ClubTepes - I know the 350-E was the announcement everybody was waiting for, but was it the only announcement from Round 2? Did they not announce any other kits? I don't just mean Trek, I mean ANY other kits?


----------



## James Tiberius (Oct 23, 2007)

I saw a picture of the cutaway enterprise. A painted Enterprise C and the Klingon Battlecruiser


----------



## Solium (Apr 24, 2005)

derric1968 said:


> ClubTepes - I know the 350-E was the announcement everybody was waiting for, but was it the only announcement from Round 2? Did they not announce any other kits? I don't just mean Trek, I mean ANY other kits?


I'm pretty sure they said a year or two ago, if they did the Big E, it would probably be the only new tooling for that calendar year. So no surprise if they didn't announce any other new kits.

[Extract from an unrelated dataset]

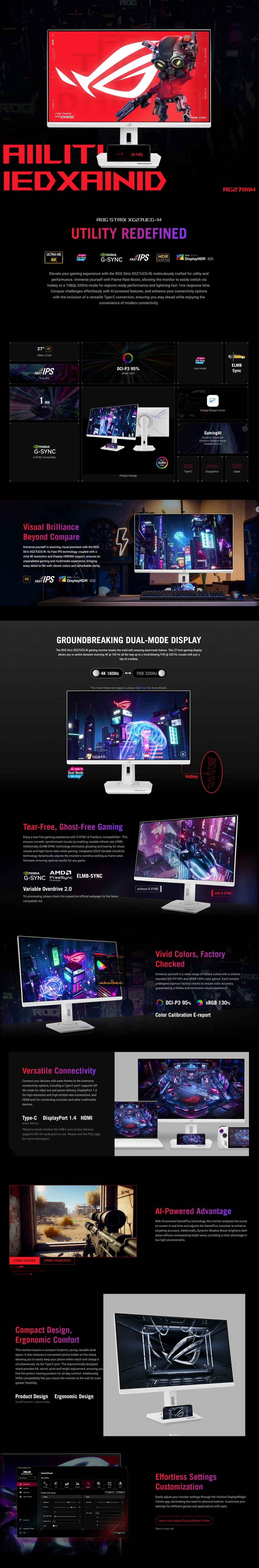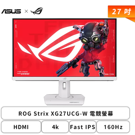 【27型】華碩 ROG Strix XG27UCG-W 電競螢幕 (DP/HDMI/Type-C/Fast IPS/4K/1ms/160Hz(FHD 320Hz)/FreeSync Premium/G-Sync/HDR400/雙模式切換/可變超頻驅動 2.0/130% sRGB/可升降/可旋轉/無喇叭/三年保固)
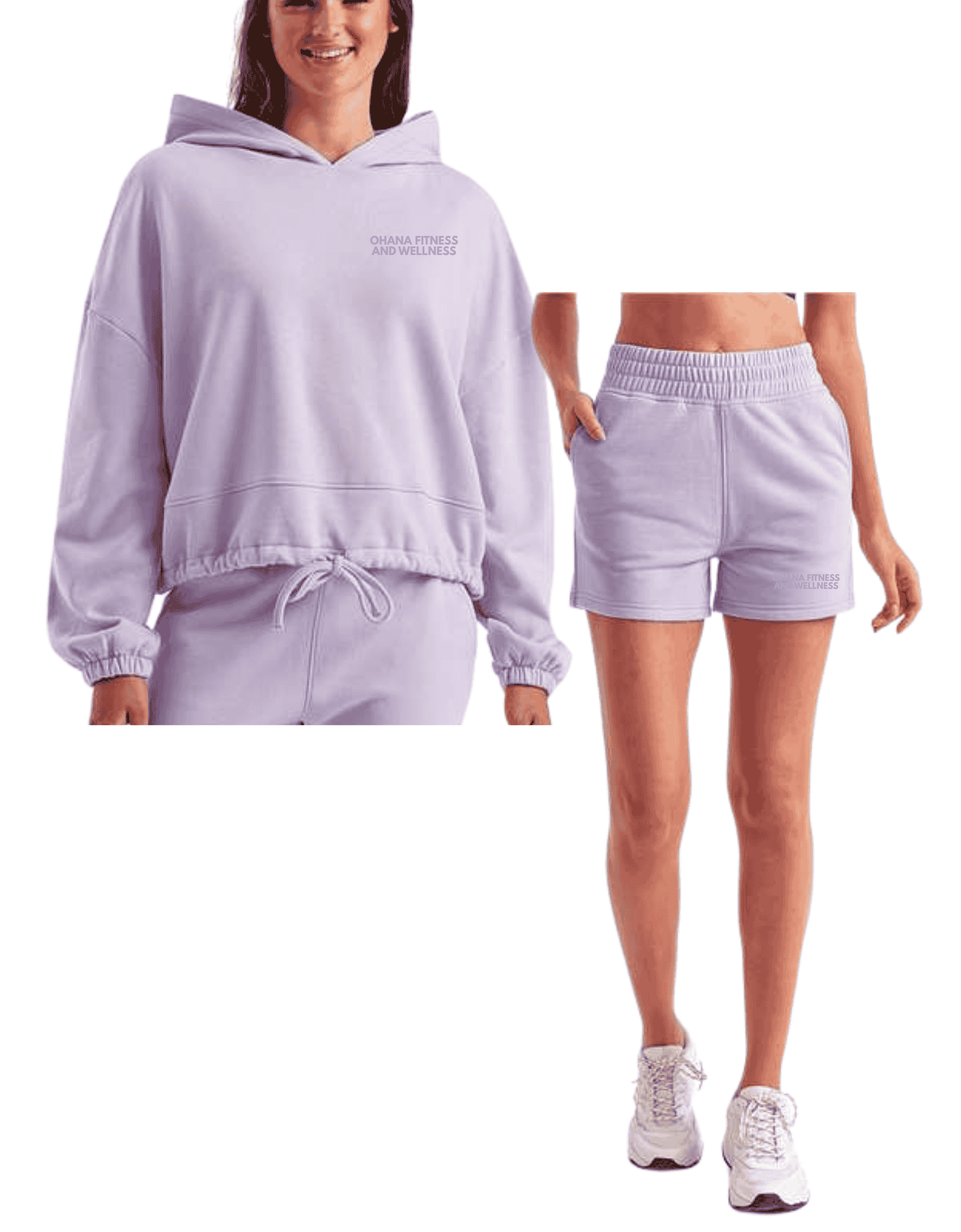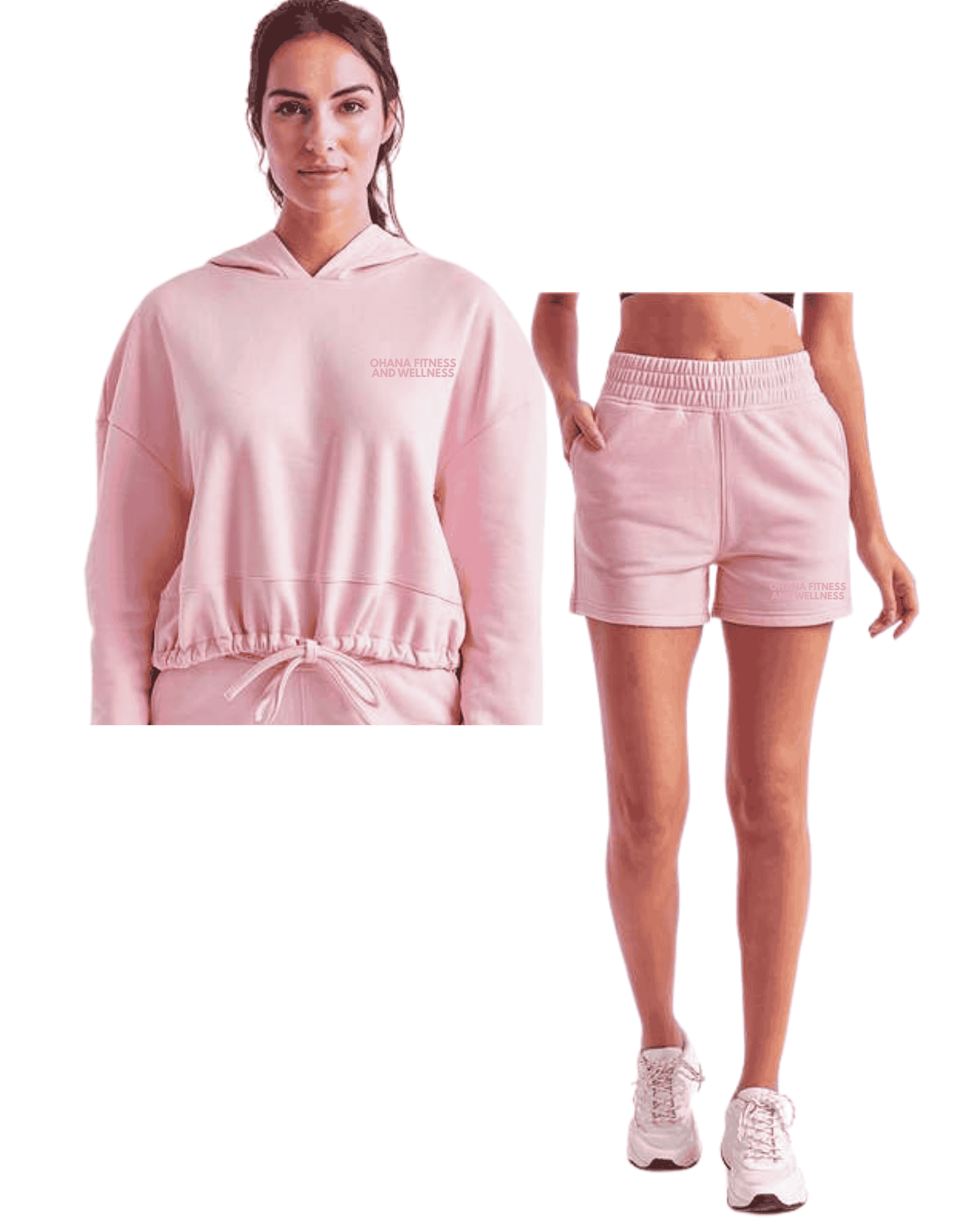 Minimalist Ohana Fitness and Wellness you can choose between shorts or Joggers in the set and your color either in pink or lilac! A small pocket logo on the chest of the hoodie and then on the shorts too makes for a cute statement set from your favorite fitness studio!

The price for the deluxe version sounds pretty good to me considering what they will be offering with the kit.


----------



## CessnaDriver (Apr 27, 2005)

liskorea317 said:


> The warp effect lights will be included with the deluxe edition!


Seriously?

Rotating fan blades maybe?


----------



## Bay7 (Nov 8, 1999)

I'm nervously waiting for the UK price then - Round 2 kits are 3 or 4 times the price over here!

The 1/350 refit is around $200!!!:freak:

Great news tho!

Steve


----------



## Warped9 (Sep 12, 2003)

This is simply *FREAKIN' AWESOME!!!* :thumbsup::thumbsup::thumbsup:


----------



## jaws62666 (Mar 25, 2009)

What about the 1/25 Batmobiles from Round 2. Any pics or release dates


----------



## JGG1701 (Nov 9, 2004)

Warped9 said:


> This is simply *FREAKIN' AWESOME!!!* :thumbsup::thumbsup::thumbsup:


Couldn't have said it better myself!
-Jim


----------



## falcondesigns (Oct 30, 2002)

jaws62666 said:


> What about the 1/25 Batmobiles from Round 2. Any pics or release dates


Late May or early June for the snap pre-painted,August for the glue kit,November for the delux kit.


----------



## Trekkriffic (Mar 20, 2007)

My LORD! It's the GRAIL kit of our dreams! 

Our quest is at an end...


----------



## Trekkriffic (Mar 20, 2007)

Ooops! Double post.


----------



## Edge (Sep 5, 2003)

Pretty blurry:
http://culttvman.com/main/?p=17464

Wonder what the Klingon BOP is about?

See my Enterprise C at least!


----------



## Opus Penguin (Apr 19, 2004)

Excellent! Definitely getting the deluxe edition.


----------



## Warped9 (Sep 12, 2003)

It's now raining outside...

...must be the tears of joy from all those grateful TOS fans. :lol:


----------



## Opus Penguin (Apr 19, 2004)

CessnaDriver said:


> Seriously?
> 
> Rotating fan blades maybe?


I hope this is the case. Rotating lights is not really accurate.


----------



## Kit (Jul 9, 2009)

Holy cow, can we refrain from the complaining for one second?


----------



## ClubTepes (Jul 31, 2002)

Ok. My bad. The bussard motored and lights are seperate.


----------



## minimodelmaker (May 28, 2009)

I quite agree. To start nit picking this kit without ever seeing it is unbelievable.
To finally get the big E should be considered a great accomplishment not an inaccuracy .


----------



## Warped9 (Sep 12, 2003)

It'll be a big model :thumbsup: and now I'm trying to decide if I want to build the Kirk era series production version or the Pike era 1st pilot version.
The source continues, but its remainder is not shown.